Maternal stroke remains a rare but life-threatening complication during pregnancy and the postpartum period. Because of this risk, the American Heart Association (AHA) recently released a scientific statement focusing on maternal stroke prevention. Consequently, healthcare providers must recognise symptoms early to save lives and prevent long-term disability. Currently, hypertensive disorders contribute to nearly half of all hospitalisations related to pregnancy-associated strokes. Specifically, research indicates that preeclampsia or eclampsia affects many patients in India with these strokes. Therefore, managing severe hypertension is the most critical step for clinicians.
Critical Strategies for Maternal Stroke Prevention
Primary prevention starts with modifying risk factors and managing blood pressure aggressively. Moreover, clinicians must treat severe hypertension (≥160/110 mmHg) promptly in both pregnancy and the postpartum phase. Some high-risk groups may also require antithrombotic therapy to lower their risks. Furthermore, secondary prevention depends largely on the specific mechanism of any prior stroke. However, physicians should never delay evidence-based treatments for acute stroke because of the pregnancy. Additionally, telemedicine can facilitate early consultation with vascular neurologists and maternal-fetal medicine specialists. This multidisciplinary approach ensures better initial decision-making during emergencies. Consequently, rapid evaluation improves the chances of a full recovery for the mother.

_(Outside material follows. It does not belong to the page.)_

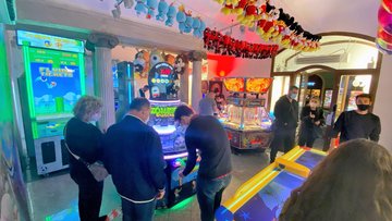 Andrea Tocci and Cesar Pampin of Sacoa welcome Remco Kriek of Fun City, center. Fun City, in Prague, Czech Republic, which boasts 45 cranes, arcade…

Safe Diagnosis and Acute Treatment
Imaging modalities like CT and MRI without contrast remain safe for rapid neurological evaluation in pregnant patients. Consequently, doctors should use these tools immediately if they suspect a stroke. Furthermore, acute stroke alone does not automatically require an immediate delivery of the infant. Instead, physicians must prioritize the stabilization of the mother first. Clinicians usually prefer vaginal delivery because it avoids surgical risks and excessive hemodynamic stress. Additionally, survivors require support from a multidisciplinary rehabilitation team during the postpartum period. These teams help mothers manage infant care and breastfeeding while recovering. Lastly, continued research remains essential to expand treatment options and refine risk assessments globally.
Frequently Asked Questions
Q1: Is neuroimaging safe for pregnant patients with stroke symptoms?
Yes, computed tomography (CT) and magnetic resonance imaging (MRI) without contrast are safe modalities for rapid evaluation. These tools allow for quick diagnosis without posing significant risks to the fetus.
Q2: Should a stroke lead to an immediate cesarean delivery?
No, acute stroke is not a direct indication for immediate delivery. Medical teams should stabilize the mother first and generally prefer vaginal delivery to avoid surgical stress.
References
- Miller EC et al. Prevention and Treatment of Maternal Stroke in Pregnancy and Postpartum: A Scientific Statement From the American Heart Association. Obstet Gynecol. 2026 Feb 12. doi: 10.1097/AOG.0000000000006197. PMID: 41678811.
- Miller EC, et al. Prevention and Treatment of Maternal Stroke in Pregnancy and Postpartum: A Scientific Statement From the American Heart Association. Stroke. 2026;57(3):e1-e25.
- Finicelli M, et al. Trends in the Incidence and Risk Factors of Pregnancy-Associated Stroke. Frontiers in Neurology. 2022;13:854223.